Perhaps the most widely recognized legislation in the area of maritime personal injury is the Merchant Marine Act of 1920, more commonly known as The Jones Act. The Jones Act provides that the employer of a diver is legally responsible for any damages sustained by an injured diver as a result of the negligence of the employer, a co-employee, or an agent of the employer. In brief, if a Jones Act employer, co-employee, or agent acts unreasonably (negligently) in its maritime activity and such action brings about harm to its diver, diving contractor must compensate the worker for all damages he sustained. Under the Jones Act the injured diver would be entitled to all of his past and future loss earnings and earning capacity, pain and suffering and any other proven damages.

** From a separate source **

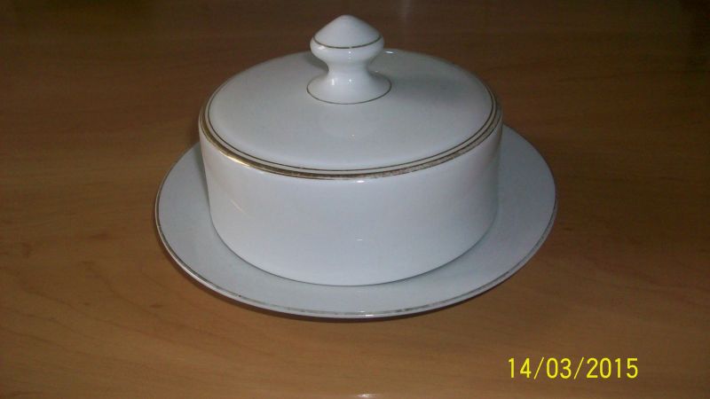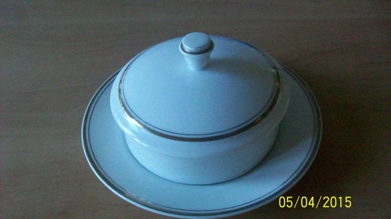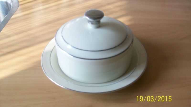 Ovale porseleinen botervloot van PULS met haarscheurtje 8€

Under the Longshore and Harbor Worker’s Compensation Act the injured diver is provided a stipend or allowance based upon 66.66% (2/3rds) of his annual average earnings, with a maximum of $1,047 and a minimum of $261.79 per week. The allowance is provided until the diver recovers or, in the event the injury is permanent, for a set number of weeks based upon tables provided by the U.S. Department of Labor. In addition to the compensation benefits the Longshore Act also provides that the worker is entitled to all costs for medical care and treatment as well as travel expenses to and from such treatment. Additionally, the worker is entitled to select the doctor of his or her choosing as long as the appropriate procedures are followed.
I completed my work offshore on a vessel, it’s been two weeks and I have not received my pay check. I just can’t get my paycheck.
What are my legal rights?
The law with respect to failure to pay seaman’s wages is very clear and provides significant penalties under Federal Maritime Law.
Under the Federal maritime Law the Penalty Wage Statute provides;
At the end of a voyage, the master shall pay each seaman the balance of the wages due the seaman within 24 hours after the cargo has been discharges or within 4 days after the seaman is discharged, whichever is earlier.
When payment is not made as provided without sufficient cause, that master or owner shall pay to the seaman two days’ wages for each day payment is delayed.
Should the seaman not be paid there exists a maritime lien on the vessel. This lien primes any other lien, including a vessel mortgage.
How does the law define “without sufficient cause”?
The only way a master or owner can avoid payment is if the owner is insolvent and financially can not pay the seaman.
If the seaman is not paid within the times mandated by law the burden shifts to the vessel owner to prove that the owner was unable to pay the seamen.
Obviously, this Federal Law gives the seaman a strong tool at his disposal to seek the enforcement of this longstanding legal right.
I was just injured in a diving accident while working offshore. What should I do?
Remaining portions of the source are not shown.